I was curious enough to test performance for SHA-1 today.As I expected bitalign usage even more noticeable for SHA-1 than for MD5.Theoretically speed-up can be as large as 50%, however as always there are some details.
At first, my SHA-1 wasn't good enough at ighashgpu v0.62.By slightly changing algorithm I've got 15% better results.Then I've added bitalign - another 40% for HD 5XXX and finally I've removed last 4 rounds from SHA-1 ("reversed" in other words).Last optimization was already done earlier for CUDA code, now I've just applied it to ATI code.It's another 5%.So, all in all, performance for single SHA-1 hashes at HD 5XXX now 71% better than it was.Impressive, isn't it?.
As I Feel Lazy to Test all These major changes and big speed-ups I've decided Ongoing to Release Intermediate version of ighashgpu (Call it alpha?), You CAN Download it here .Not all kernels changed, basically only single MD5 and all SHA-1 related ones updated.By the way, ATI version can now supports passwords (+ optional salt) up to 48 symbols long (== Joomla).nVidia code wasn't updated for this.
And one more thing about nVidia CUDA code, I've changed a bit the way passwords distributed among threads / blocks.As a result, there is small speed-up, like 2-3% for all CUDA kernels.It doesn't looks like huge thing but when utilization already over 95% these 2-3% are very nice actually.
Also, I've finally fixed / sf + / m usage bug (I hope so, at least).
So, I'm interesting in some feedback, especially results on 5970's and GTX285/295.
To introduce the 32nm process generation AMD K11 (Bulldozer) instruction set extensions supported by microarchitectureXOPis, vpcmov instruction that will be added.This is in AltiVec vsel, Cell BE SPE in the same selb and select operations is to achieve 3-bit input.As an implementation of AltiVec and SPE, and by using it, Bitslice DES reduce the number of gates can be expected to configure the logic operation.
AVX version 3 of the SIMD operands by using a logical instruction bit extra instruction while reducing MOVDQA further by reducing the number of VPCMOV logical operation can be a greater density of the operation.
Public Notes 2 clause BSD-style license applies.Multiple licenses are unlikely because we do not demand too much current.Freely available for license.
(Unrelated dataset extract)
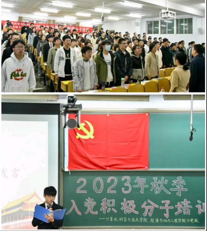 11月5日上午,开班典礼在庄严的国歌声中拉开了序幕,计算机科学与技术学院党委书记喻华兵、能源与动力工程学院党委书记顾宁、能源与动力工程学院党委副书记任雁、能源与动力工程学院组织员董雅倩、计算机科学与技术学院组织员许颜杰出席了此次开班典礼。参会领导宣读了开班致辞和结业考核要求,对参加党课的入党积极分子给予高度认可,参会领导寄语学员们通过院党课进一步加深对党的认识和理解,提高自身党性修养,力争早日成为一名合格的共产党员。计算机科学与技术学院霍克研同学代表全体学员发言,郑重承诺将严格遵守培训班的规章制度,以饱满的热情和言能践行的信心投入到此次培训中。最后,开班典礼在雄浑激昂的国际歌声中落下帷幕。

Only here do we only focused on the optimization reduces the number of bit logical operation only.The operation reflects not the actual throughput.Traditional Bitslice DES might cause more degradation.Please think about reference only.
To introduce the 32nm process generation AMD K11 (Bulldozer) instruction set extensions supported by micro-architecture is SSE5, pcmov instruction that will be added.This is in AltiVec vsel, Cell BE SPE in the same selb and select operations is to achieve 3-bit input.As an implementation of AltiVec and SPE, and by using it, Bitslice DES can be expected to reduce the number of logical operation gate configured.
Multiple licenses are unlikely because we do not demand too much current.
Only here do we only focused on the optimization reduces the number of bit logical operation only.The operation reflects not the actual throughput.Traditional Bitslice DES might cause more degradation.
Please think about reference only.
Future versions of Tripcode Explorer - Intel and AMD Which is advantageous?
pcmov reduction of the number of instruction S-Box configuration instructions?
For SSE5Bitslice DES S-Boxes (trial version) of the function S4 (low number of first bit logical operation) to 32 gates after optimization, gcc 4.3 compile, Linux x86-64 assembly code let's induce vomiting or.Further reduce the number of instructions, an extra hand movdqa has been cut optimization.
※ xmm0 ~ xmm5 and input parameters, taken as a destination point four pointer should be an equal comparison.
This throughput pcmov pand / pandn / por / pxor be pretty tight if not the same.
AVX, the compiler can generate code at the moment there is no (supported by the latest Intel C + +?) S4 is a function of nonstd.c Kwan avoids the short code in the base.AVX speak is no longer needed the shelter of a temporary variable by 2 input 1-output 3-operand format, you can easily calculate the required number of instructions, and the output value of 41 + XOR gate can be done by order of 49 (variable Because memory is sufficient enough to shelter in need, of course, that trick does not require YMM and retract the upper register.)
Ideally you AVX + SSE5
Shiro evacuation orders to reduce the register by an independent source of destination or do to reduce the number of logical operations, to optimize both not to be useful instead.And it is not extravagant to use both.
And AVX, SSE5 VEX form of true four-operand encoding format pcmov (vpcmov?) 32 +8 is achieved if (and one output value 4 XOR + stores) 済Mimasu in about 40 minimum order.
Most, as I said earlier, the performance comes as it is necessary to assume that the other two source logical operations throughput.